Another Way to Skin the Mid-Cap ETF Cat

Mid-cap stocks have been solid performers for most of this year, helping turn investors attention to traditional cap-weighted exchange traded funds that track the well-known S&P MidCap 400 Index.

Alternatively-weighted mid-cap ETFs have impressed as well, including those that focus on dividends or profitability. “Constituents in the S&P Mid Cap 400 Index are expected to generate 20% earnings growth in 2014 and 18% growth in 2015. This is above the 8% and 11% growth expected for the S&P 500 Index,” S&P CapitalIQ recently said, indicating it could still be a good time for investors to consider a different spin on the traditional mid-cap ETF experience. [Alternative Mid-Cap ETF is a Winner]

One way of doing that is with the RevenueShares Mid Cap Fund (NYSEArca: RWK), which weights the members of the S&P MidCap 400 Index by top-line revenue.

Weighting by revenue makes sense because bigger revenues usually mean bigger profits and better businesses. Further, market cap doesn’t always reflect a firm’s underlying business value. [Revenue Weighting Works for These ETFs]

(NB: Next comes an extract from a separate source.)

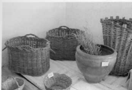
Algunas muestras de piezas etnográficas expuestas por los vecinos en los "rincones".

Other RevenueShares ETFs have proven the revenue weighting strategy can be beneficial for investors. For example, thanks to its massive utilities exposure, the RevenueShares Ultra Dividend Fund (NYSEArca: RDIV) is one of this year’s top-performing dividend ETFs. [A High Yield Dividend ETF With Big Upside]

RWK is up 6.15% year-to-date, or about 30 basis points better than the largest ETFs that track the S&P MidCap 400 Index.